2. Global temperature is rising. Ice is melting into water. This is new mass entering the ocean. Why can't the sea bed, which is under more pressure due to extra mass, expand? The sea bed isn't a steel utensil, it's sand and rocks. And it's constantly shifting. And it's composition is different in different regions.
Has anyone done a detailed computer simulation of the whole earth's geology under rising temperatures? There might be feedback loops that might amplify or negate some effects so it's quite important to account for all variables. And obviously there's a lot of variables to account for.
(It's sometimes scary how little we know about our own planet. I'm not talking about the things in my comment because I'm sure it's just my ignorance.)

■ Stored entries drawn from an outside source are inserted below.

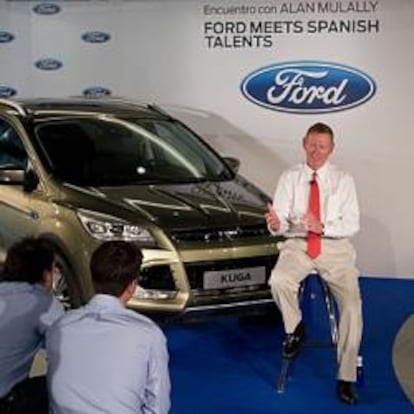 A Alan Mulally, máximo directivo de la multinacional automovilística, le gusta el contacto directo, conocer experiencias de primera mano. Por este motivo, no dudó en hacer un alto en sus vacaciones europeas (visita en España Valencia y Barcelona) para mantener una charla con 21 emprendedores españoles de diversos sectores.Mulally les impartió consejos, pero sobre todo explicó con anécdotas personales su particular modo de gestión. Habló mucho del sector del automóvil, pero también del aeronáutico, donde pasó más de 20 años en Boeing. "Participé en la fabricación de los modelos 727, 737, 747, 757 o 767", declaró el ingeniero aeronáutico, cuya pasión por los aviones queda patente una y otra vez.Sobre el futuro del automóvil, explicó el cambio que supone internet. "El cliente quiere una vida interconectada, también en el coche", aunque matizó, "de una forma segura, sin quitar la vista de la carretera y las manos del volante". Habló del futuro del vehículo eléctrico, pero consideró que existe mucho margen en la mejora de los motores de combustión. "No nos quedaremos sin combustibles fósiles; se necesitará tiempo y dinero, pero se encontrarán más bolsas"."Siempre pensando y pensando", les dijo. Y como ejemplo, explicó que todos los jueves se reúne con su equipo directivo parar "revisar sus planes y analizar lo que pasa en el mundo".Por eso, la innovación fue el motor de la charla con los emprendedores. "Pero para innovar hay que centrarse siempre en el consumidor, en lo que necesita", explicó. Respecto a la crisis, dijo no temerla: "No nos da miedo el futuro, hay que adaptarse, para lo cual hay que incorporar la innovación", les aconsejó. "Puede haber desarrollo económico en el mundo. No creo que haya nada que pare el crecimiento, está en el espíritu humano", sentenció en tono positivo.Recomendó transparencia en la transmisión de información a sus equipos, a los que exige estar asentados en la realidad, lo que implica saber reconocer en qué están fallando.¿Os está gustando la charla", preguntó.
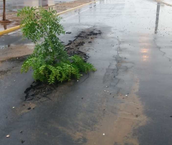 Após uma hora de chuva forte em Petrolina, parte do asfalto que fica na Avenida principal do Residencial Vivendas em Petrolina está cedendo
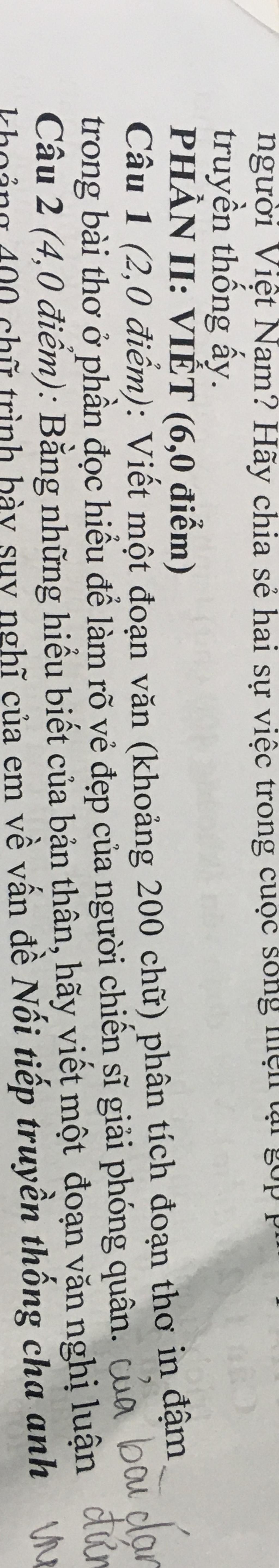 Câu 1 (2,0 điểm): Viết một đoạn văn (khoảng 200 chữ) phân tích đoạn thơ in đậm

> 1. Global temperature is rising. Any water that used to be above 4°C (or the equivalent for salt water) now takes more volume. But what about water that's below 4°C? Wouldn't that water compress?

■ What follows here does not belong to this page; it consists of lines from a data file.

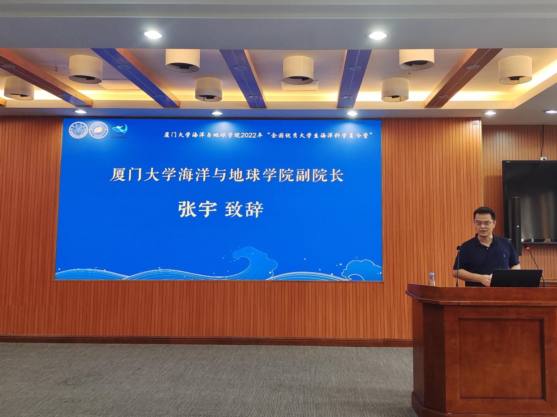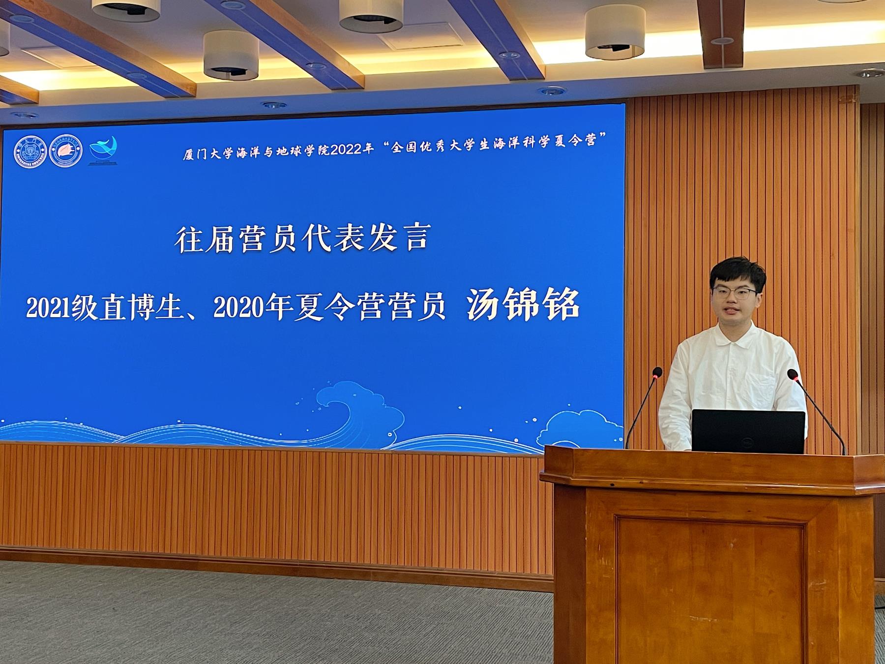 7月13日上午,夏令营开营仪式在希平楼C2-403报告厅举行。学院院长史大林、副院长徐鹏、海洋生物科学与技术系副主任陈仕玺、物理海洋学系教授段安民、团委副书记蔡笑霜、教学秘书邹良荣及全体营员参加。徐鹏副院长从学院总体概况、拔尖创新人才培养、一流平台与支撑体系、开放交流合作、高水平科学研究及高素质师资队伍等方面,自豪详尽地为营员们介绍学院情况。2021级直博生汤锦铭作为往届营员代表,分享了他的学习生活体验。成为厦大海洋学子的五年时间里,让他感受最深的是学院包容的环境和老师们无私的帮助,这让他坚定投身科研的信心。他邀请学弟学妹们加入学院,为“蓝色星球”贡献力量。
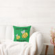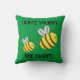Don't worry. Bee happy. This pun is written in a distressed style capitals on a bright green square throw pillow, and decorated with two cartoon style, very cute, baby bees. The bees are mainly bright yellow and the text is black. The design is on both sides of the pillow / cushion.
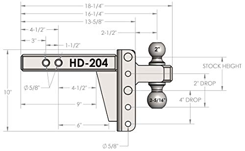 - 2.0" Shank (Class 4) Fits Any 2.0" Receiver, 3 Different Height Adjustments.
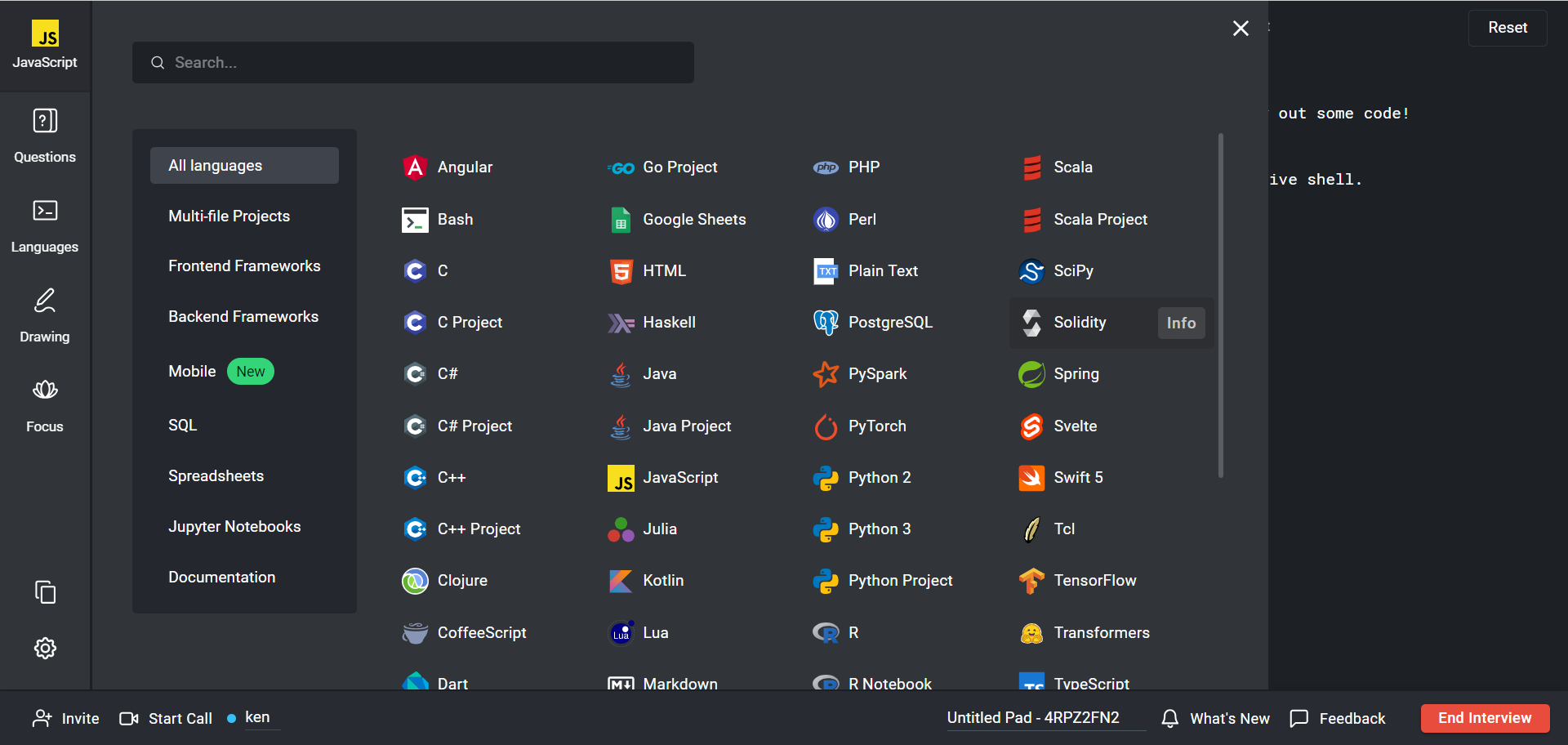 The Interview platform supports a variety of unit testing libraries for different languages.
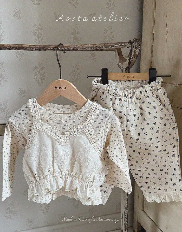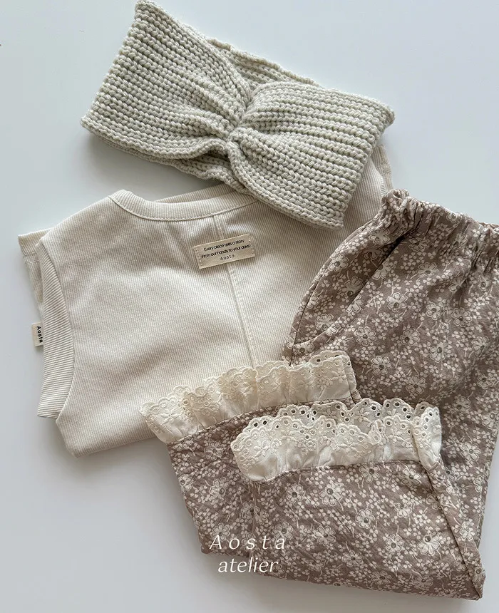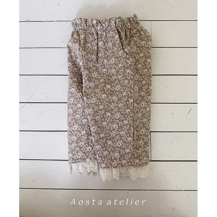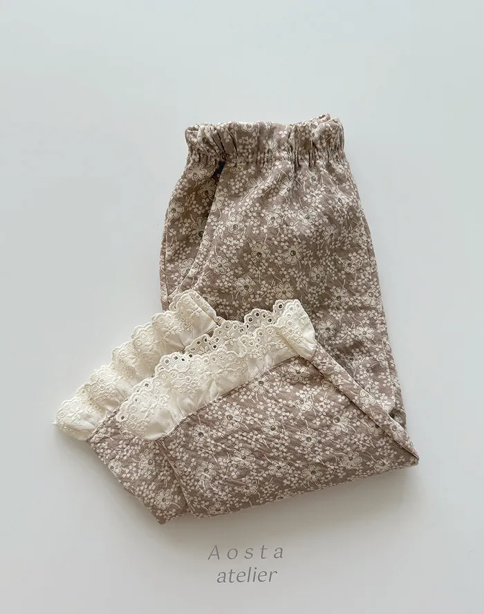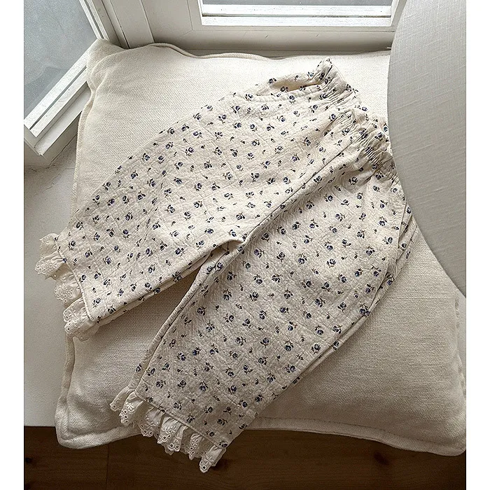 法式家小碎花蕾絲滾邊長褲

It might marginally, but the amount of water compressed will be a lot smaller than the amount of water "uncompressed", both due to the larger range of temperatures above 4°C (below is only a bit, and then ice) and due to the fact that the densest water is at the bottom, meaning that it's easier for everything else to heat up.
> 2. Global temperature is rising. Ice is melting into water. This is new mass entering the ocean. Why can't the sea bed, which is under more pressure due to extra mass, expand?

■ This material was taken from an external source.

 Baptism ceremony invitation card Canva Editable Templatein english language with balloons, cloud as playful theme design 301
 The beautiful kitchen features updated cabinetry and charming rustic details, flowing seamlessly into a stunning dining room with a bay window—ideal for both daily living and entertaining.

Expand where? It can't just rise since there is gravity, and the pressure above increases with more water. It can't go down because there is already other stuff there.
In regard to that last point, I hadn't thought of it but there is something called post-glacial rebound, it would make sense that the increased weight on the seabed would deform it, and potentially even cause bulging of land without ocean on top, potentially negating the sea level rise effect to varying degrees worldwide.
No, water is most dense at 4°C. If you take water at 2°C and increase its temperature by a degree, it will _compress_, not expand. But if you take water at 10°C and heat it by a degree it will expand. My question is what percentage of the expansion is offset by the compression.
(Note that the 4°C number is only for pure water.)
> water still weights the same
Weight has nothing to do with my first point. It's the increase in volume that spills into land.
UTC is non-unique because of leap seconds, so TAI + lat + long + altitude is actually required.
I work on software for astronomy, and that quadruplet is what’s used to describe an observing location. You can actually get a little in trouble because of changes in the shape of the earth over time, so latitude and longitude and altitude need to be treated as time-dependent values, which matters once you are accounting for relativistic effects.
That sort of assumes there's one time zone that's being used per spacetime coordinate, which isn't guaranteed. You can get political situations where de facto and de jure time diverge, or where different authorities nominally in charge of the time in a place disagree.
Lebanon seems to have experienced exactly this recently:
It does unambiguously give you a spacetime coordinate (useful) but it doesn't unambiguously tell you what local time you should use for an occurrence, and the answer would really depend on who was asking.
> Storing (UTC, latitude, longitude, altitude) is the holy grail, I guess.
It’s not.
If I set up a meeting next year in NYC at 10 and the legislature decides to change the timezone’s offset, the meeting remains at 10 NY time on that date, it does not shift in NY time. It’s the UTC which shifts.
And UTC alone is sufficient for past events, as they are fixed instants in the time-stream. Unless you’re at a stage where you need to take relativistic effects in account, then you need to add the referential.